--- Dataset records Enclosed Below ---

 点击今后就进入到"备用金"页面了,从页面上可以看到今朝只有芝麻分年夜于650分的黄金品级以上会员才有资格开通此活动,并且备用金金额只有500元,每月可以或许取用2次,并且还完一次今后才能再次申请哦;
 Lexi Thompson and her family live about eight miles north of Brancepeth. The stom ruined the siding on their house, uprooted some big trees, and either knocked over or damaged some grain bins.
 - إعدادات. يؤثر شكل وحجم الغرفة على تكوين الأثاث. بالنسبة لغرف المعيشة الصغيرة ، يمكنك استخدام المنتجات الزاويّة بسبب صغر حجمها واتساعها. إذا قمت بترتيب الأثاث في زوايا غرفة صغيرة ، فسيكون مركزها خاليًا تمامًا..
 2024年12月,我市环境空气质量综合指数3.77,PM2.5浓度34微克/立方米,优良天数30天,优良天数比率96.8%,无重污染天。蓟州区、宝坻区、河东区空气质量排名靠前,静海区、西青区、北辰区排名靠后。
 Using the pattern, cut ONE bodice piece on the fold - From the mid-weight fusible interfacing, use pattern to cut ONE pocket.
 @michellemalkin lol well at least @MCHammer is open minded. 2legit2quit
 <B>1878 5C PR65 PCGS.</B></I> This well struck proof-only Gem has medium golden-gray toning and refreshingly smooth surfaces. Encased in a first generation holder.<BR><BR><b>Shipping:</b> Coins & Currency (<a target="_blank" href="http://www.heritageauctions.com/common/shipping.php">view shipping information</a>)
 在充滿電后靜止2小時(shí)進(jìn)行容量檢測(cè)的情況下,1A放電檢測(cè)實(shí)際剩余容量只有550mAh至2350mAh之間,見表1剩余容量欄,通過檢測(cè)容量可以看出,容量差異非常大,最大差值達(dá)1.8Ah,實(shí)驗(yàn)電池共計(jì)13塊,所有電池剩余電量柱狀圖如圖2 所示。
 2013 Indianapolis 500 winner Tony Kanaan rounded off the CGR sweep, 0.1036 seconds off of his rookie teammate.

--- End of Enclosed Dataset records ---
--- Dataset records Enclosed Below ---

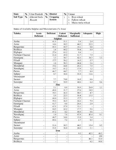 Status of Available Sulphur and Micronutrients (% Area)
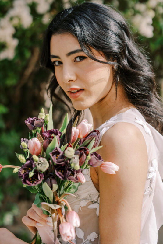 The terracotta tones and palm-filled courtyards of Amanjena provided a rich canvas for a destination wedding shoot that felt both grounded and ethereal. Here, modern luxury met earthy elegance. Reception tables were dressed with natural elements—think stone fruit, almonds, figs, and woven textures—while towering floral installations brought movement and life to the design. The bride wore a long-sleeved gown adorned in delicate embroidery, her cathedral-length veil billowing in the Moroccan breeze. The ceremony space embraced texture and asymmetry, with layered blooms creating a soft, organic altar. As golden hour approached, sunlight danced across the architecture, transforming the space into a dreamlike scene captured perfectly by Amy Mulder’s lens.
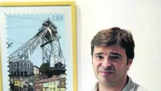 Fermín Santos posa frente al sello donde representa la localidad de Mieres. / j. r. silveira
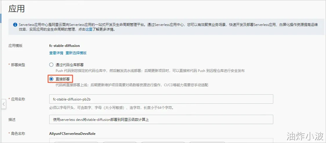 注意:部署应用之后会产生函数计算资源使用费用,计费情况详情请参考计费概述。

--- End of Enclosed Dataset records ---

* _What to work on_
Copy out the lines of the records above in which the string "well" appears.

* _Response for this exercise_
 @michellemalkin lol well at least @MCHammer is open minded. 2legit2quit
 <B>1878 5C PR65 PCGS.</B></I> This well struck proof-only Gem has medium golden-gray toning and refreshingly smooth surfaces. Encased in a first generation holder.<BR><BR><b>Shipping:</b> Coins & Currency (<a target="_blank" href="http://www.heritageauctions.com/common/shipping.php">view shipping information</a>)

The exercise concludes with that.